Failure to Provide and Document Follow-Up on Advance Directives
Penalty
Summary
The facility failed to ensure that residents' rights regarding advance directives (ADs) were fully honored and documented for five of seven residents reviewed. Multiple residents, including those with intact or moderate cognitive function, expressed uncertainty about whether they had an AD or requested more information about formulating one. Despite this, there was no documented evidence that these residents or their resident representatives (RPs) were provided with follow-up information or education about their right to formulate an AD after admission. Record reviews for each resident showed that, upon admission, residents were provided with an acknowledgment form regarding ADs, and if they did not have an AD, they were to be given a handout and education on how to create one. The facility's policy also required quarterly follow-up during care conferences for residents without an AD. However, for all five residents cited, there was no documentation that such follow-up or education occurred during the relevant care conferences, even when residents indicated a desire for more information or were unsure about their AD status.

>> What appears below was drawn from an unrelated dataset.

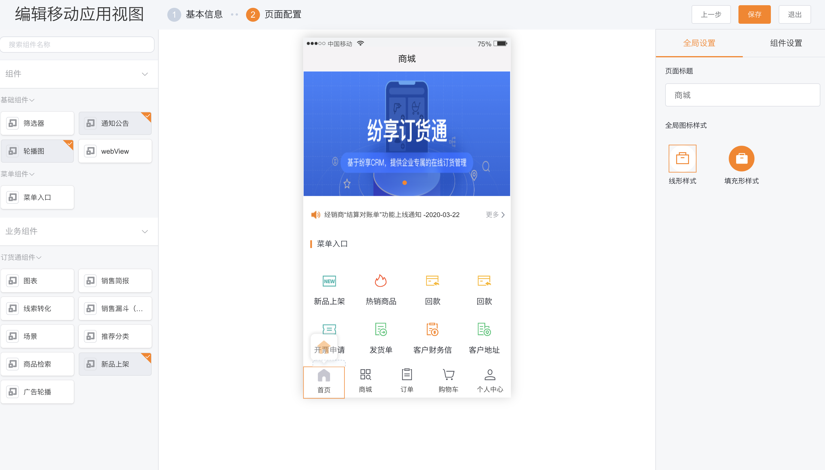 The homepage configuration of the mobile terminal is the same as that of the webpage terminal, so I won’t go into details here.

Interviews with the Social Services Director (SSD) confirmed that the expected process was not consistently documented or followed. The SSD acknowledged that if there was no AD on file, there was a potential for the facility to be unable to honor residents' wishes for care. The lack of documentation and follow-up regarding ADs was observed across multiple residents with varying medical conditions, including stroke, chronic obstructive pulmonary disease, diabetes, hypertensive heart disease, major depressive disorder, chronic kidney disease, and malnutrition.